Anglesea Railroad

Overview
- Dates of operation: 1882–1888
- Successor: West Jersey Railroad

Technical
- Track gauge: 1,435 mm (4 ft 8+1⁄2 in)
- Length: 7.1 miles (11.4 km)

= Anglesea Railroad =

The Anglesea Railroad was a railway company in the United States. It was incorporated in 1882 and opened to Anglesea, New Jersey, in 1883. It was later extended to Holly Beach, New Jersey. The company went bankrupt in 1884 and was acquired by the West Jersey Railroad, a forerunner of the Pennsylvania-Reading Seashore Lines, in 1888.

== History ==
The principal figure behind the Anglesea Railroad was Frederick E. Swope, a real estate developer who also owned the Anglesea Land Company. The Anglesea Railroad was incorporated on November 20, 1882. Starting from Burleigh, New Jersey, on the West Jersey Railroad, the company built east across Grassy Sound to Anglesea, New Jersey. This initial line opened in July 1883.

The company was not a financial success.
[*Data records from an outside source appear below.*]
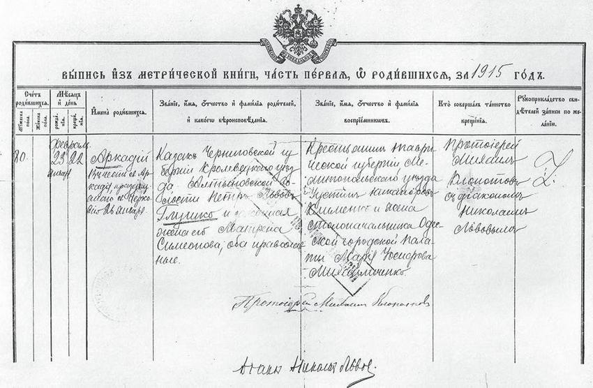 В 1915 г. семья Глушко пополнилась вторым сыном Аркадием. 22 февраля (6 марта) дьяконом Алексеевской церкви на Молдаванке в метрической книге была сделана запись под № 80 о том, что 23 января (4 февраля) родился мальчик Аркадий, названный так в честь святого Аркадия, празднуемого церковью 26 января (7 февраля). «Родители: казак Черниговской губернии, Кролевецкого уезда, Алтыновской волости Петр Львов Глушко и законная жена его Матрона Симеоновна, оба православные… … …Таинство крещения совершено протоиреем Михаилом Клоповым с диаконом Николаем Львовым».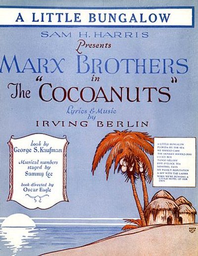 Classic movie fans may remember the 1929 film adaptation of “The Cocoanuts”, which, although jettisoning most of the delightfully infectious Irving Berlin score, retained much of the plot and presented the Marx Brothers (minus Gummo, who left showbiz early in the boys’ career) in their first feature length film. They were joined by their perfect foil, the huffy Margaret Dumont, who was also in the 1925 stage production. As with most Marx Brothers affairs, the plot of “The Cocoanuts” has been notoriously labeled as insignificant. But, as we’ve seen in past weeks, book triviality is a trait common to musicals of the ’20s — Marx brothers or no Marx brothers. What perhaps may be uncommon (at least, in regard to the superior musicals that I’ve been presenting to you) is that the score is also rendered less important than usual.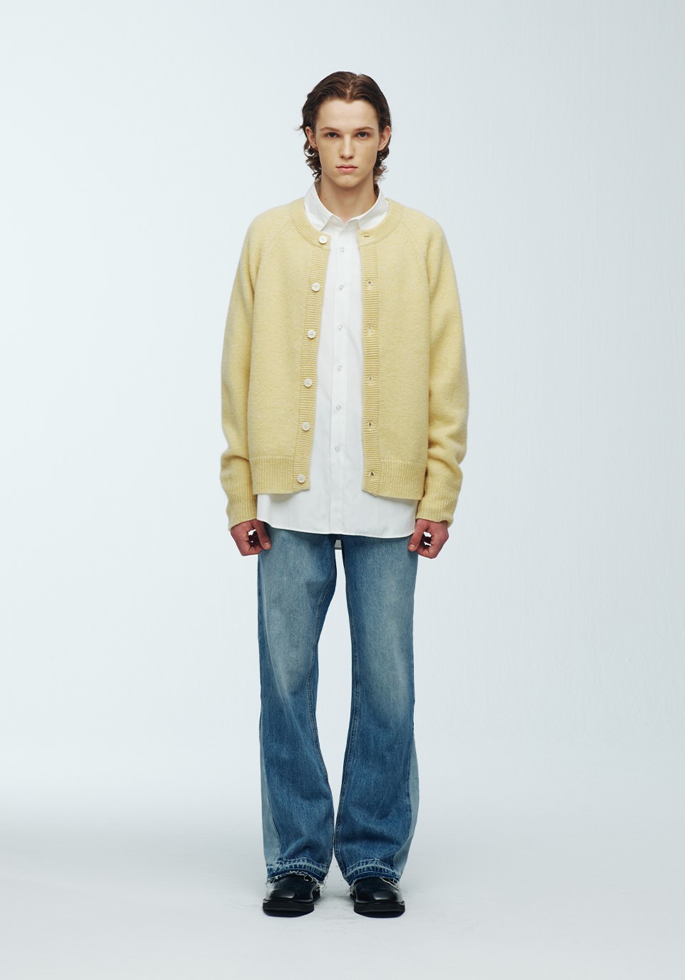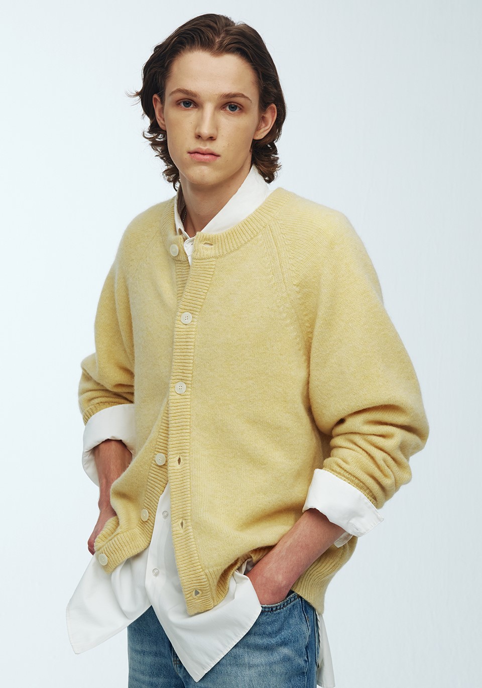 쉐기독 울 100% 라운드 가디건 YELLOW

The poor quality of the roadbed earned it the sobriquet "Mud Hen." The company entered receivership on December 25, 1884. A 3 mi extension to Holly Beach, New Jersey, opened in 1885. The West Jersey Railroad acquired the company on May 23, 1888.

Under the West Jersey and Seashore Railroad the Anglesea Railroad's line was known as the Five Mile Beach Branch. The line was abandoned following the creation of the Pennsylvania-Reading Seashore Lines in 1933.